>>
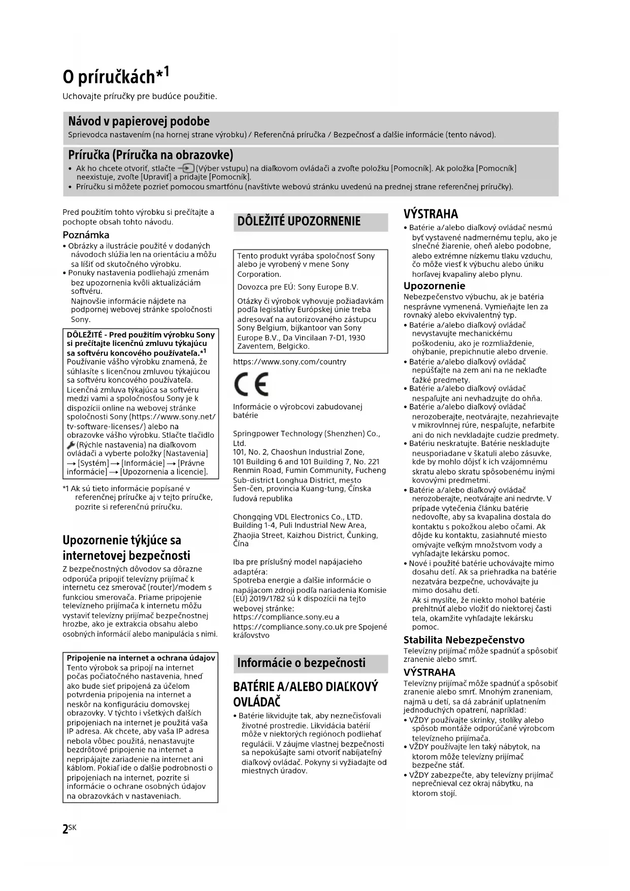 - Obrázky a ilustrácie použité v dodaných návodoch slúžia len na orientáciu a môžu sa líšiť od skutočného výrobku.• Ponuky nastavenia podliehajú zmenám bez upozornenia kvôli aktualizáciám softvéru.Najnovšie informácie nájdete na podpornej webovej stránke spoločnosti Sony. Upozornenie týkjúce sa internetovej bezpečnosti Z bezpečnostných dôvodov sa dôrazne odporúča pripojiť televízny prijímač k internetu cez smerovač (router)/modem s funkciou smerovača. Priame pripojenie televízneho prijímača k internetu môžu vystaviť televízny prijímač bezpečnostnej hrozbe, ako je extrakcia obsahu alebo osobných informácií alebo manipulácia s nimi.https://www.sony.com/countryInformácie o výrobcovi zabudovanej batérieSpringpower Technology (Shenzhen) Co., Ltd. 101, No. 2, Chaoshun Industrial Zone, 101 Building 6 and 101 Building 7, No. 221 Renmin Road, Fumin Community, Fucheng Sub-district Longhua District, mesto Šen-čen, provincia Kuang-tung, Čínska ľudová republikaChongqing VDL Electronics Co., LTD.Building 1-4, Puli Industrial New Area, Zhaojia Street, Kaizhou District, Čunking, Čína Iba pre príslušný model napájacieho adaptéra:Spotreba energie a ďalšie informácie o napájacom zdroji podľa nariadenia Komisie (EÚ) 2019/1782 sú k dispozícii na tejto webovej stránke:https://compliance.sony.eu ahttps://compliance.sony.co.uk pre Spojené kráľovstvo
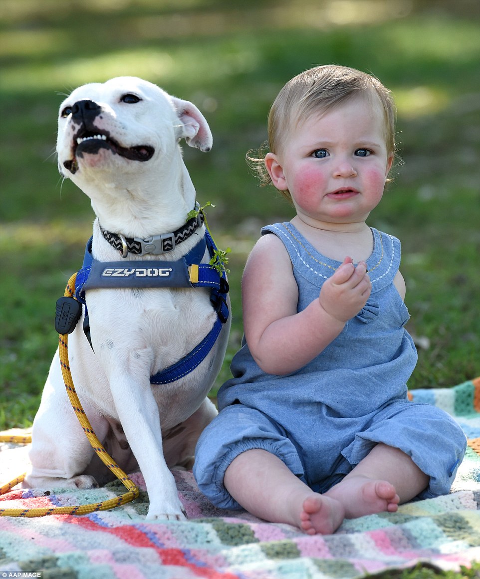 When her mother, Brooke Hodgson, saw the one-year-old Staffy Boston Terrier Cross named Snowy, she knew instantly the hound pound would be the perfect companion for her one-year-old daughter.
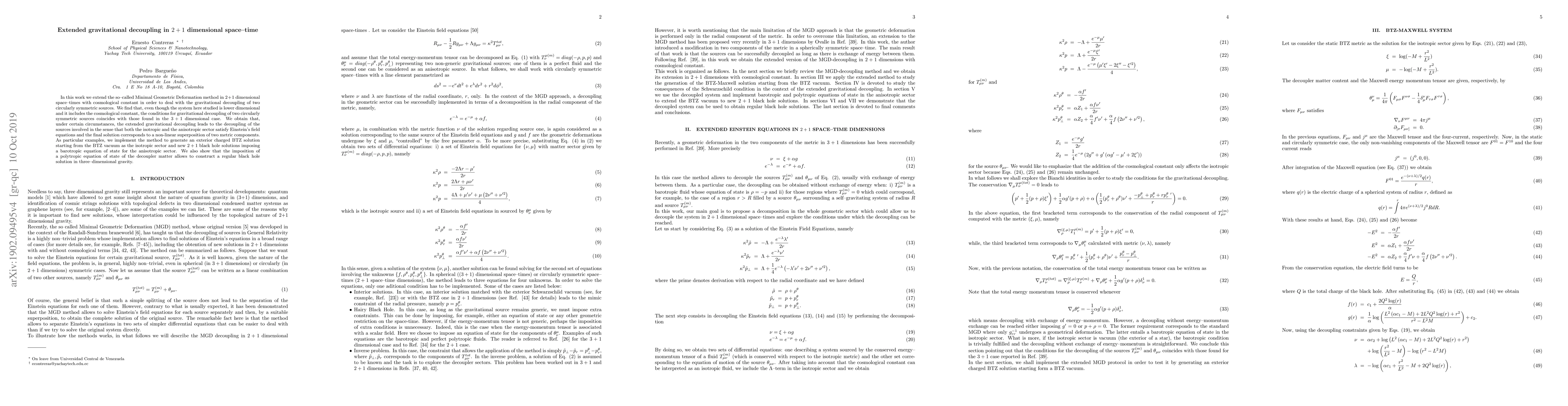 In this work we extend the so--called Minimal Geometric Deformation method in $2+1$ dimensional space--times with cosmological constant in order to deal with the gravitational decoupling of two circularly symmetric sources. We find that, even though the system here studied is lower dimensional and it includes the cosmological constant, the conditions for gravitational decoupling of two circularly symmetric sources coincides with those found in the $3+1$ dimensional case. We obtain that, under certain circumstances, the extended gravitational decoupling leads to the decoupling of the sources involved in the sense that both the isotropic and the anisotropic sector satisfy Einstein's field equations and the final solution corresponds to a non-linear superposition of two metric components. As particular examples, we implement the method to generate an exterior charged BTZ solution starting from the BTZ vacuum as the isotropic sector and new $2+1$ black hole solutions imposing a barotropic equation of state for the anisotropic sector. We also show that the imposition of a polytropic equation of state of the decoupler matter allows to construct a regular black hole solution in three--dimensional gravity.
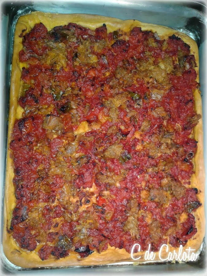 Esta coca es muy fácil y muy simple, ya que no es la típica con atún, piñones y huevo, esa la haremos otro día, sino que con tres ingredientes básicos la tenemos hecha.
<<
>>
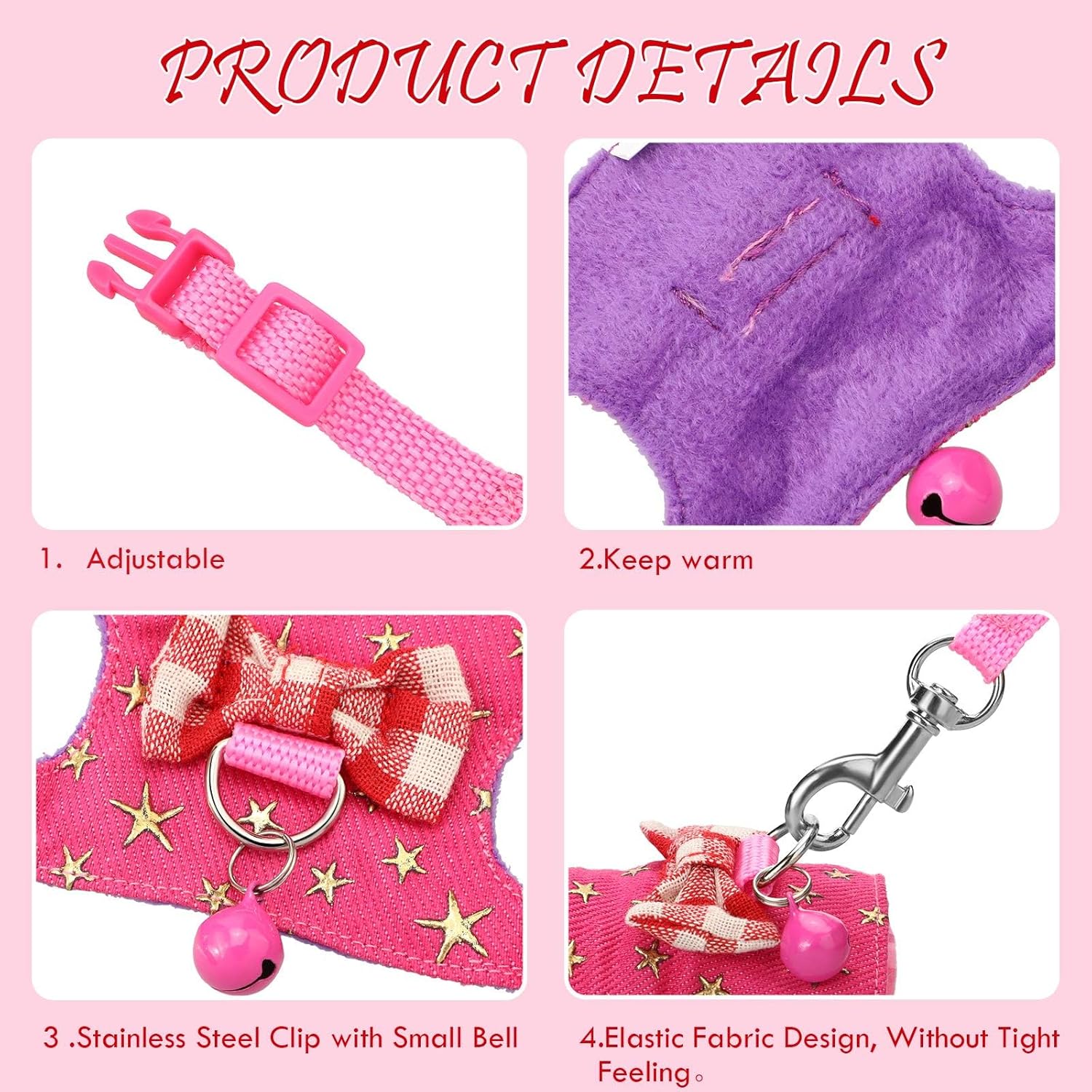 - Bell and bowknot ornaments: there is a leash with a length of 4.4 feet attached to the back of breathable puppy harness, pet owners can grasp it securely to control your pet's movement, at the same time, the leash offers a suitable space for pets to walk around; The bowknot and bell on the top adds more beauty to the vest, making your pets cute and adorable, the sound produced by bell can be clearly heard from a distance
<<
> _What the exercise asks_: Using the data above, print only the lines starting at the one with "- Obrázky a" and ending at the one with "When her mother, Brooke", exactly as they stand, minus the pictures.

> _Task result_:
 - Obrázky a ilustrácie použité v dodaných návodoch slúžia len na orientáciu a môžu sa líšiť od skutočného výrobku.• Ponuky nastavenia podliehajú zmenám bez upozornenia kvôli aktualizáciám softvéru.Najnovšie informácie nájdete na podpornej webovej stránke spoločnosti Sony. Upozornenie týkjúce sa internetovej bezpečnosti Z bezpečnostných dôvodov sa dôrazne odporúča pripojiť televízny prijímač k internetu cez smerovač (router)/modem s funkciou smerovača. Priame pripojenie televízneho prijímača k internetu môžu vystaviť televízny prijímač bezpečnostnej hrozbe, ako je extrakcia obsahu alebo osobných informácií alebo manipulácia s nimi.https://www.sony.com/countryInformácie o výrobcovi zabudovanej batérieSpringpower Technology (Shenzhen) Co., Ltd. 101, No. 2, Chaoshun Industrial Zone, 101 Building 6 and 101 Building 7, No. 221 Renmin Road, Fumin Community, Fucheng Sub-district Longhua District, mesto Šen-čen, provincia Kuang-tung, Čínska ľudová republikaChongqing VDL Electronics Co., LTD.Building 1-4, Puli Industrial New Area, Zhaojia Street, Kaizhou District, Čunking, Čína Iba pre príslušný model napájacieho adaptéra:Spotreba energie a ďalšie informácie o napájacom zdroji podľa nariadenia Komisie (EÚ) 2019/1782 sú k dispozícii na tejto webovej stránke:https://compliance.sony.eu ahttps://compliance.sony.co.uk pre Spojené kráľovstvo
 When her mother, Brooke Hodgson, saw the one-year-old Staffy Boston Terrier Cross named Snowy, she knew instantly the hound pound would be the perfect companion for her one-year-old daughter.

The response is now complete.